Prüfungsphasen bedeuten für viele Studierende massive Anspannung: Schlafprobleme, Herzklopfen, Blackouts in der Klausur. Statt komplizierter Mentaltechniken setzen immer mehr Ratgeber auf minimalistische Kniffe, die direkt vor oder während der Prüfung eingesetzt werden.

Ein Ansatz sind kurze Körper‑Fokus‑Übungen, die den Stress aus dem Kopf in eine gezielte Wahrnehmung umlenken. Ergänzend dazu kommen einfache Atemtechniken, Powerposen und Schreibübungen zum Einsatz, die das Arbeitsgedächtnis entlasten und das Sicherheitsgefühl stärken. Gemeinsam haben diese Methoden, dass sie ohne Vorbereitung funktionieren und sich unauffällig im Schul- und Uni‑Alltag nutzen lassen.

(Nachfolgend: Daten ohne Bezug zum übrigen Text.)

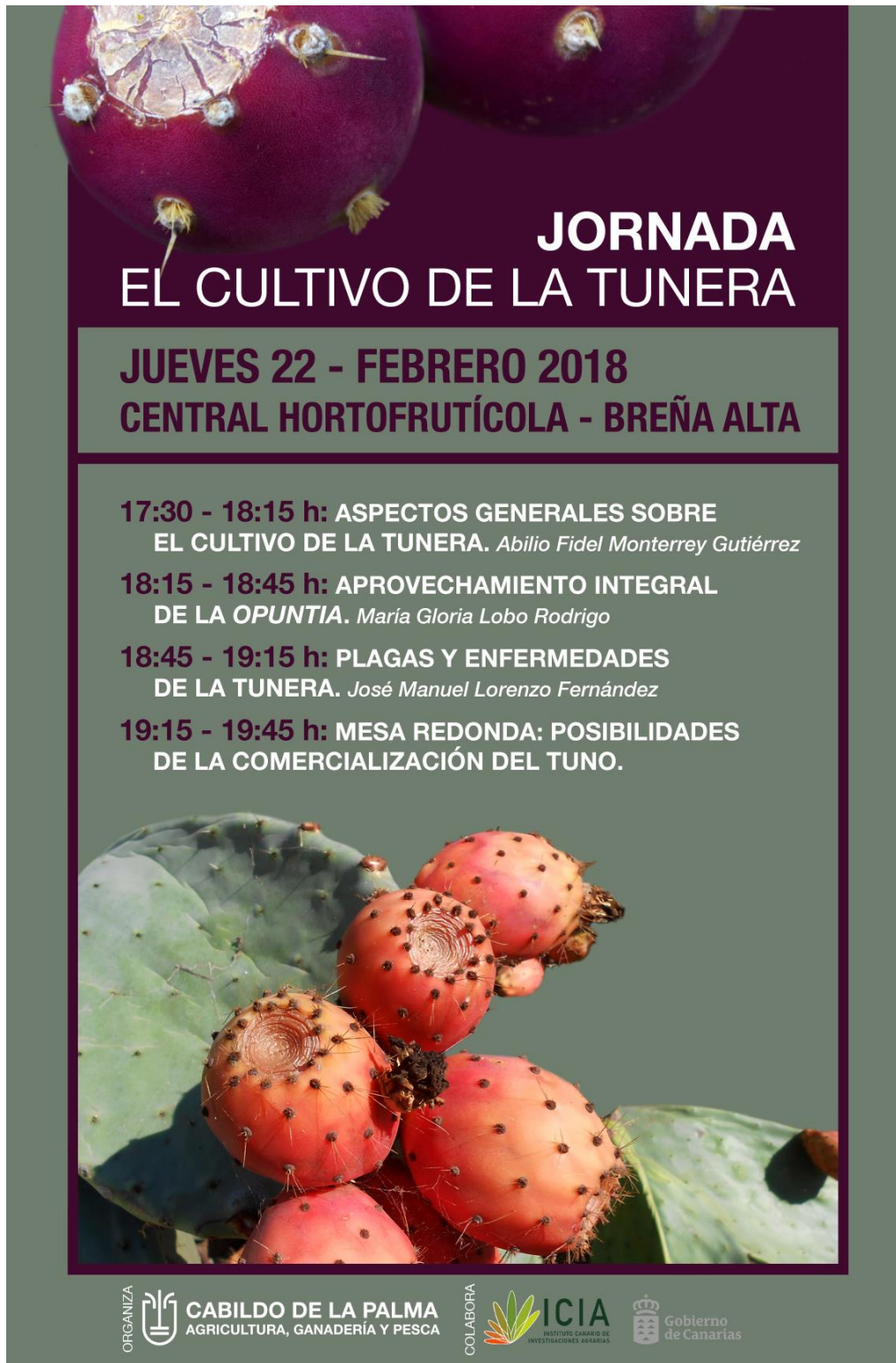
Cartel de las jornadas sobre la tunera.

Las Palmas de Gran Canaria: C/. Miguel Sarmiento, 2 – 35004 Telf. 928 369 806 – Fax. 928 385 634 La Aldea de San Nicolás: Avda. Los Cardones, 25 – 35470 Telf. 928 885 085 – Fax. 928 891 288 Santa María de Guía: C/. Sancho de Vargas, 19, interior bajo – 35450 Telf. 928 896 790 – Fax. 928 896 790 Santa Cruz de Tenerife: C/. Cairasco, 5, Edif. Retama, 1º A – 38004 Telf. 922 299 655 – Fax. 922 242 060
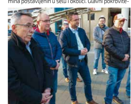
S ispraćaja Martana u Ivancu

liji ovoga pohoda bili su Grad Ivanec i Varaždinska županija, a organizaciju potpisuje UDVDR Ivanec.

Mit den Zehen wackeln: Körperfokus in der Prüfung

Ein oft beschriebener „simple Trick“ ist der Zehen‑Fokus kurz vor oder während des Tests oder der Klausur. Dabei werden die Zehen leicht bewegt, während die Aufmerksamkeit gezielt auf dieses Körpergefühl gelenkt wird. Diese Mini‑Übung kann den akuten Oberflächenstress dämpfen, weil das Gehirn einen klaren, ungefährlichen Reiz erhält. Wer sich auf die Empfindungen in Füßen oder Händen konzentriert, nimmt Herzrasen und Grübelgedanken für einige Momente weniger stark wahr.

Praktisch: Die Methode ist völlig unauffällig, funktioniert auch in mündlichen Prüfungen und lässt sich mehrmals hintereinander anwenden, ohne die Konzentration auf die Aufgaben dauerhaft zu stören.

10 Minuten Sorgen aufschreiben vor der Klausur

Ein zweiter Ansatz setzt wenige Minuten vor Prüfungsbeginn an: das strukturlose Aufschreiben von Sorgen. In den 8–10 Minuten vor dem Start werden alle stressenden Gedanken notiert – von „Ich habe Angst zu versagen“ bis hin zu Worst‑Case‑Szenarien und realistischeren Ausgängen. Wer so verfährt, lagert Grübelketten aus dem Kopf auf Papier aus. Das reduziert die innere Gedankenschleife und schafft kognitive Kapazität für Aufgabenstellungen.

Wichtig ist, nicht zu formulieren oder zu analysieren, sondern einfach alles herauszuschreiben. Anschließend wird das Blatt weggelegt, ein paarmal tief durchgeatmet und der Fokus gezielt auf die Prüfungsfragen gelenkt.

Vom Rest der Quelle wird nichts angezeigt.